Opinion
06-18-2015
Schlam Stone & Dolan LLP, New York (Jeffrey M. Eilender of counsel), for appellant. Anderson & Ochs, LLP, New York (Mitchell H. Ochs of counsel), for respondent.
Schlam Stone & Dolan LLP, New York (Jeffrey M. Eilender of counsel), for appellant.
Anderson & Ochs, LLP, New York (Mitchell H. Ochs of counsel), for respondent.
Opinion
Order, Supreme Court, New York County (Eileen Bransten, J.), entered July 17, 2013, which, insofar as appealed from as limited by the briefs, granted defendant's motion to dismiss the first through third causes of action, unanimously affirmed, without costs. Appeal from order, same court and Justice, entered January 7, 2014, which denied plaintiff's motion for reargument, unanimously dismissed, without costs, as taken from a nonappealable paper.

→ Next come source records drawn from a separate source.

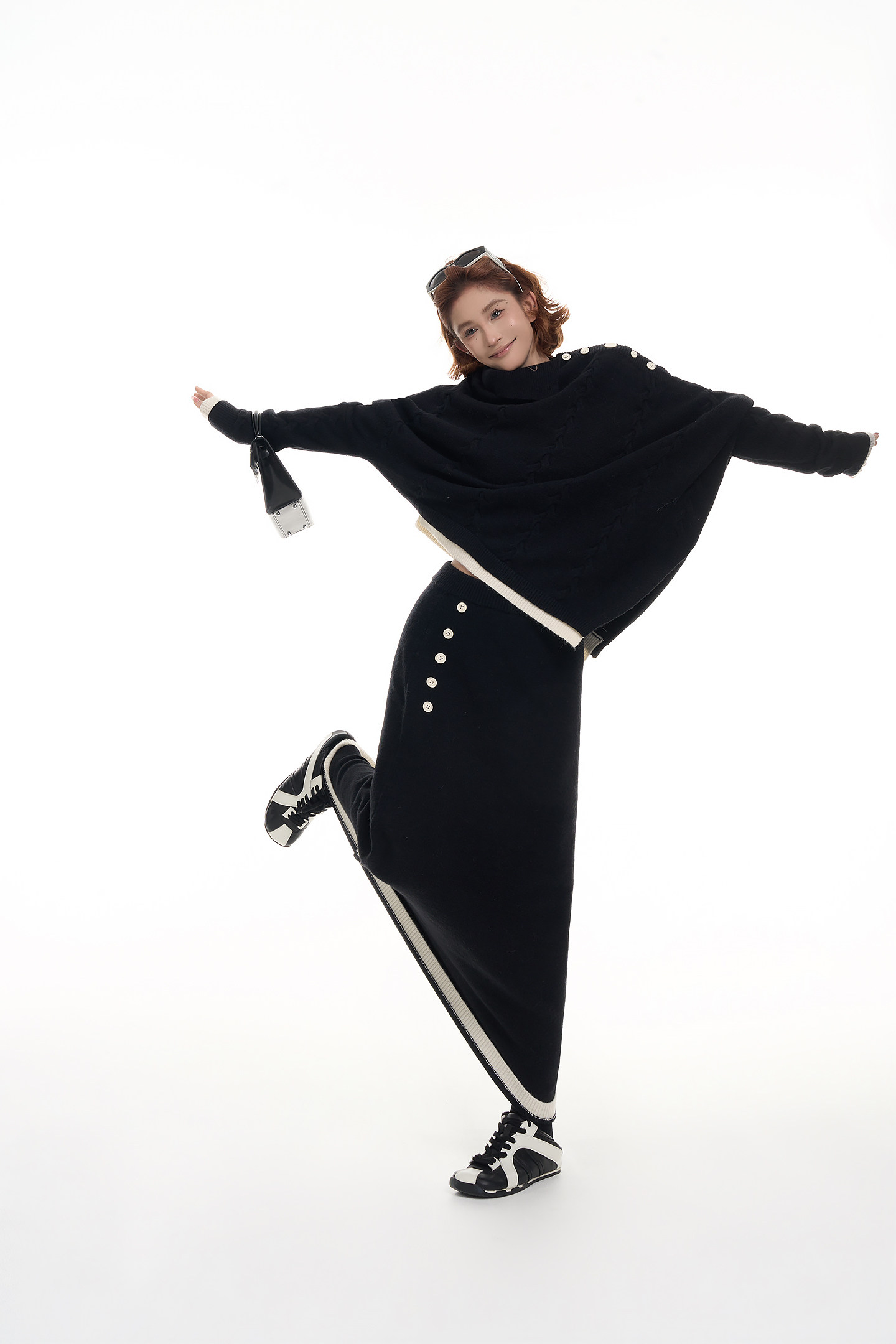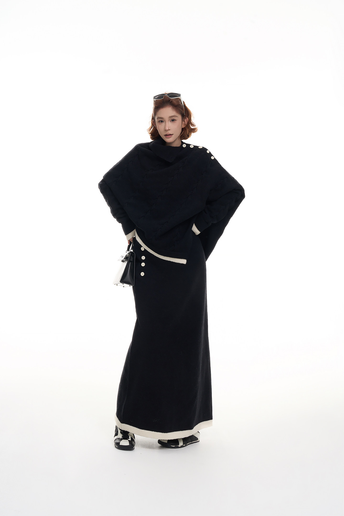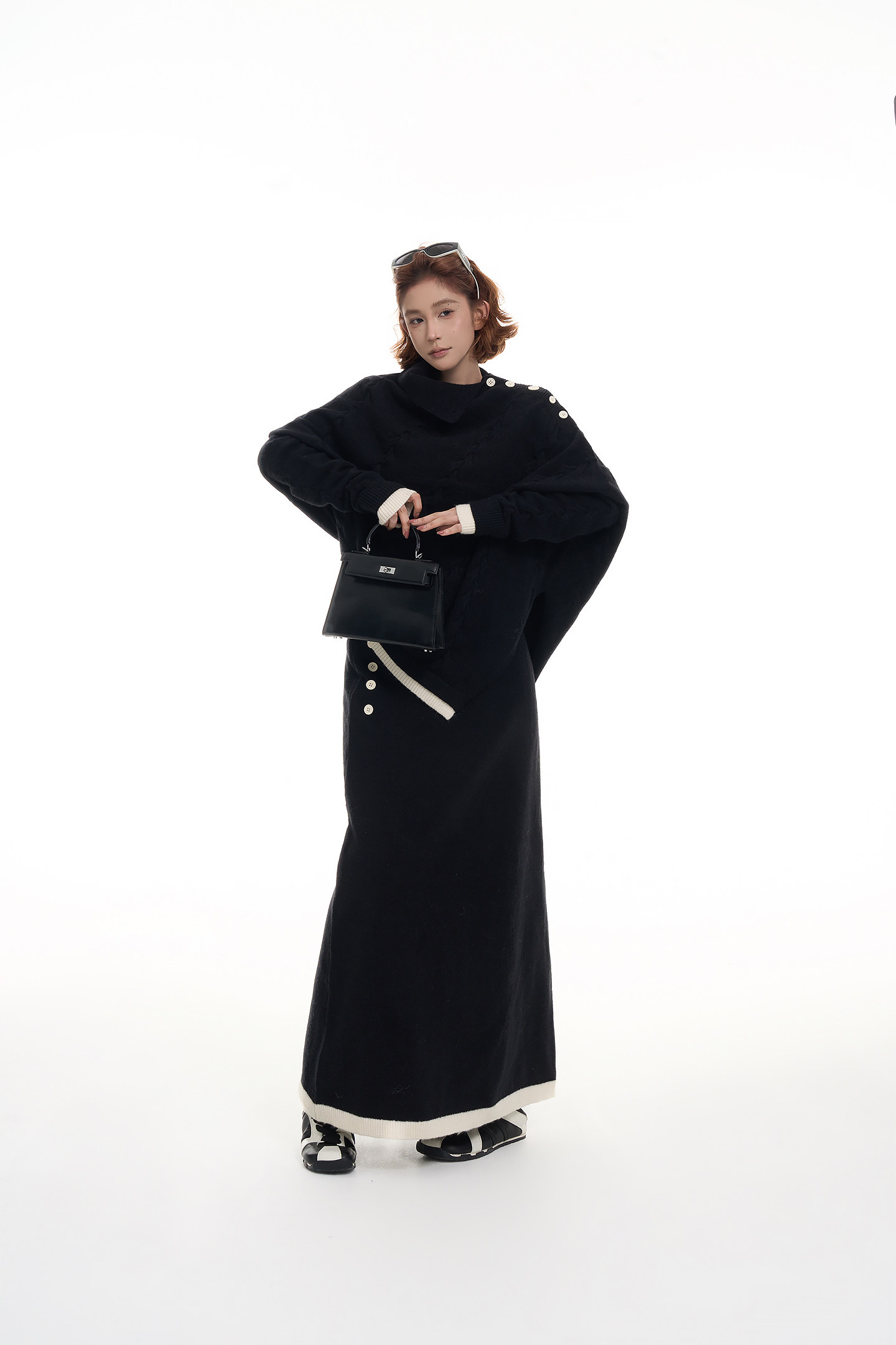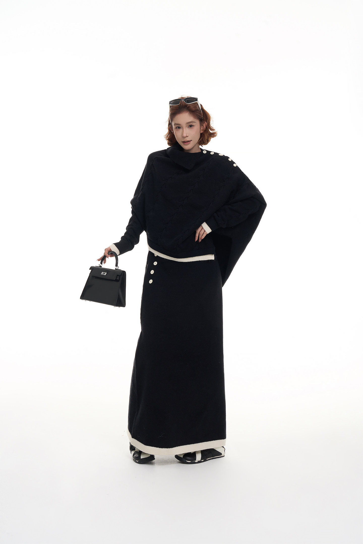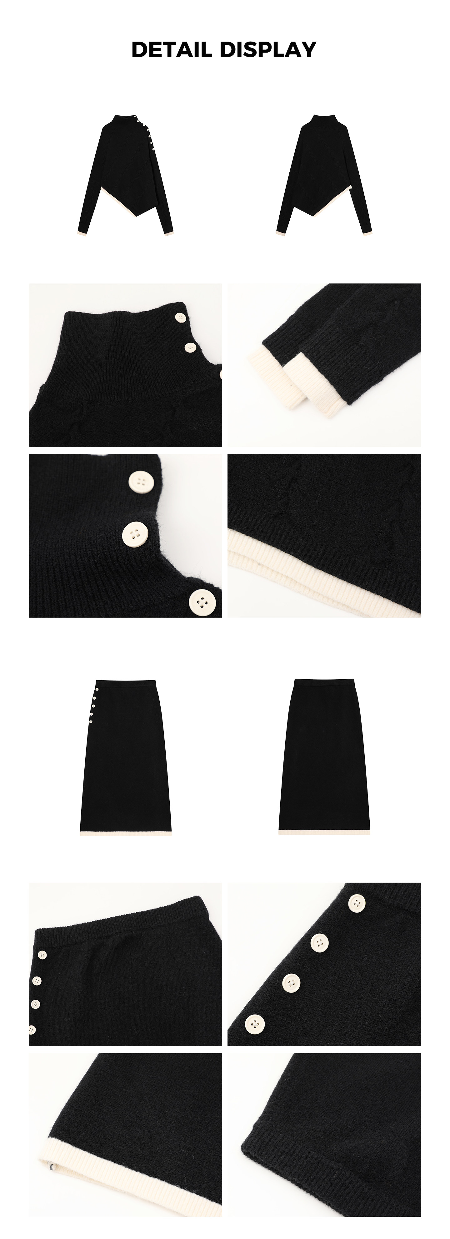 【単品注文】【セットアップ】不規則 配色切替 長袖ニット+スカート 上下セット レディース 秋冬 韓国風 ゆったり ルーズ カジュアル【JZシリーズ】
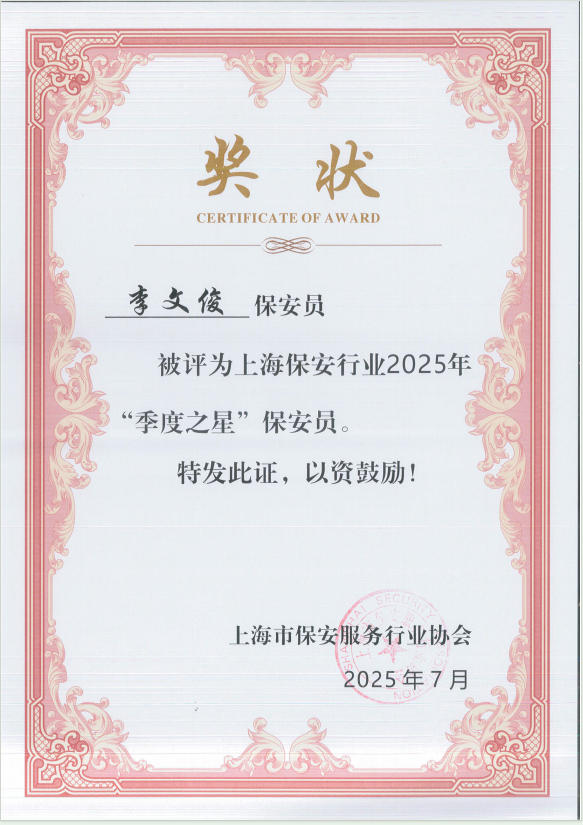 近日,上海市保安服務行業(yè)協(xié)會公布了上海保安行業(yè)2025年第二季度優(yōu)秀保安隊、保安員展示名單,宗保公司1個項目保安隊和3名員工個人獲此殊榮。
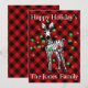 Conception de vacances de zèbre festive - Lumières scintillantes rouges et vertes - Carreaux tartan rouge et noir - personnalisable.
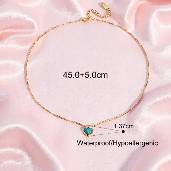 Collier Pendentif Cœur Doré – Acier Inoxydable & Pierre Naturelle Turquoise
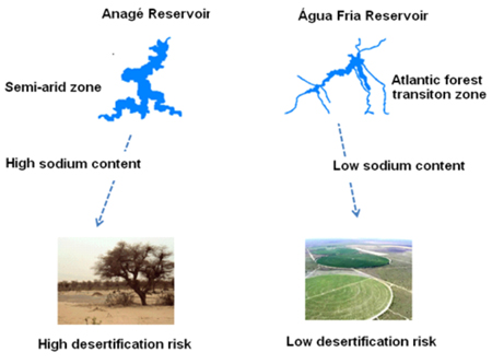 The water collected in the Anagé Reservoir during the rainy season was classified as S3 and S4, showing very high sodicity values. So it was considered inappropriate for irrigation use.
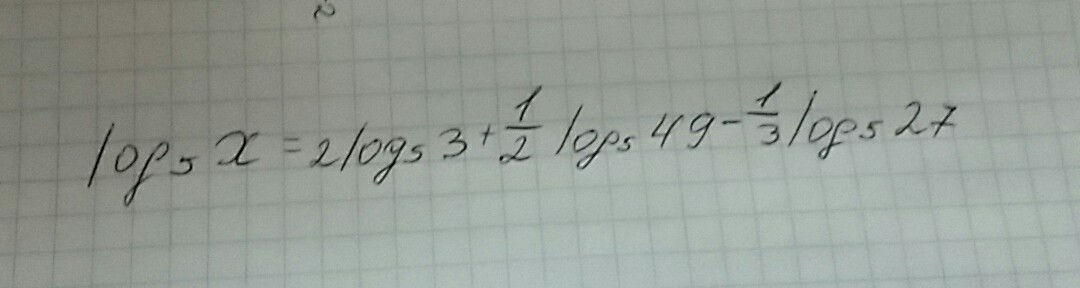 Даю много балов!Найти х,если log5 x=2log5 3+1/2log5 49-1/3log5 27.Напишите на бумажке.

Since the parties' mother's will contains no language indicating that noncompliance with the terms of paragraph 7 will result in forfeiture of a bequest thereunder, the first cause of action, which seeks forfeiture of all bequests defendant received under paragraph 7, fails to state a cause of action (Allen v. Trustees of Great Neck Free Church, 240 A.D. 206, 269 N.Y.S. 341 [2d Dept 1934], affd. 265 N.Y. 570, 193 N.E. 324 [1934] ).
The second cause of action, which arises from defendant's attempt to sell her interests in two Bronx properties in breach of the terms of the will, and the third cause of action pertaining to all the partnership interests, are barred by the doctrine of res judicata.
The Decision and Order of this Court entered herein on December 4, 2014 is hereby recalled and vacated (see M–31 decided simultaneously herewith).
TOM, J.P., SWEENY, DeGRASSE, FEINMAN, GISCHE, JJ., concur.